To describe and compare eating difficulties from admission to discharge, with regard to length of stay (LOS) and discharge to institutional care, as well as in relation to gender. 

Inclusion Criteria:

Admission to a stroke unit for rehabilitation during November 1996 to November 1997.

Exclusion Criteria:
  • Age: Under 65 years
  • No eating difficulties on admission.
Description of Study Protocol:
  • Recruitment: All patients admitted for stroke rehabilitation from an inpatient stroke unit
  • Design: Before-after study; observational study of patients aged 65 or older, admitted for stroke rehabilitation and having at least one eating difficulty, were observed on admission and discharge
  • Blinding used: None
  • Intervention: None.

Statistical Analysis

  • Dependent-groups: McNamar test for nominal data, Wilcoxon signed rank test for ordinal data and paired T-test for interval data that were normally distributed
  • Independent groups: Chi-square test and Fisher's exact test for nominal data with a Mann-Whitney U-test for ordinal data and T-test for interval data that were normally distributed
  • Linear regression was performed with LOS as the dependent variable and independent variables were gender, age, cohabitation, living alone, deglutition difficulties and low energy on admission and at discharge
  • Logistic regression analysis was performed with discharge destination as the dependent variable. Independent variables were gender, age cohabitation, BMI, ingestion and deglutition difficulties and low energy on admission and at discharge.
Data Collection Summary:

Timing of Measurements

Eating assessments were done at admission and discharge.

Dependent Variables

  • Length of stay
  • Discharge destination.

Independent Variables

  • Gender
  • Age
  • Cohabitation
  • BMI
  • Ingestion
  • Living alone
  • Deglutition difficulties
  • Low energy on admission and at discharge.

Control Variables

Not applicable.

Description of Actual Data Sample:
  • Initial N: 162 patients with stroke. Three were aged under 65 years, 40 had no eating difficulties.
  • Attrition (final N): 108 (56 men, 52 women).

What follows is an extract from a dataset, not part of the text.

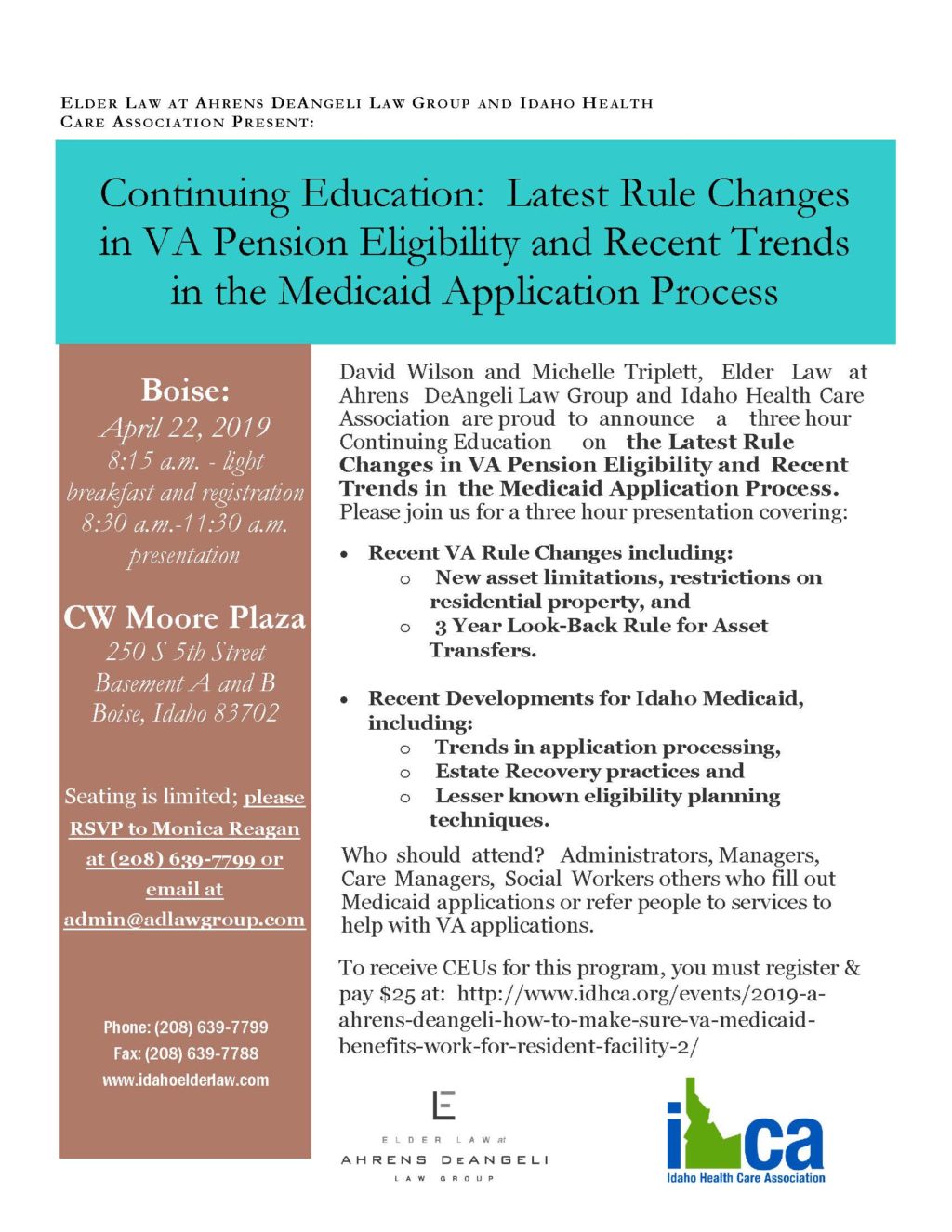 Continuing Education: Latest Rule Changes in VA Pension Eligibility and Recent Trends in the Medicaid Application Process

Eight had not been observed at discharge, three died.
  • Age: 77.6 years (±6.7) for men and 80.6 (plus or minus) for women
  • Ethnicity: Not noted; the study was conducted in Sweden
  • Anthropometrics: Mean BMI was 23.7±4.2 for men and 22.5±4.7 for women
  • Location: Lund, Sweden.
Summary of Results:

Table Two: Eating Difficulties Among Patients (Aged ≥65 Years) for Rehabilitation with Stroke After Eating Difficulties, Differences Between Admission and Discharge (N=108)

Eating Difficulties
Patients with Eating Difficulties
On admission
At discharge
Ingestion, m (SD)
1.6 (1.1)
1.0 (1.1)
Sitting Position
Manipulating Food of the Plate
Transport of Food to the Mouth
Deglutition, m (SD)
0.8 (1.0)
0.5 (0.8)
Opening or Closing the Mouth
Manipulating Food in the Mouth
Swallowing Difficulties
Energy, m (SD)
1.2 (0.8)
0.9 (0.8)
Eating <75% of Food
Reduced Alertness
Aberrant Eating Time
Number of Difficulties, m (SD)
3.6 (2.2)
2.5 (2.1)

Other Findings

  • On admission, among patients discharged later, the mean number of low energy problems was higher among women (1.67) than among men (1.18, P<0.030) and among those with shorter LOS
  • At discharge, in patients with longer LOS, the mean number of low-energy problems was higher and low food intake more common among women (1.27 and N=18, 82%) than men (0.81, P<0.048 and N=16, 50%, P<0.018)
  • Further, in patients discharged to institutional care, low food intake at the time of discharge, was more common among women (N=25, 83%) than among men (N=20, 59%).
Author Conclusion:
  • Ingestion difficulties on admission indicate a longer in-hospital stay and decrease to a greater extent than other types of eating difficulties
  • If these difficulties persist at the time of discharge, the patients are more likely to need institutional care
  • It is important to assess and take systematic measures for each of the three variants of eating difficulties, i.e., ingestion, deglutition and energy to improve eating abilities
  • Women in particular need attention with regard to low food intake.
Funding Source:
Reviewer Comments:

Authors note limitation of not controlling for measures taken during the rehabilitation to improve eating ability, as well as having to wait for an available bed in a particular facility may have affected LOS.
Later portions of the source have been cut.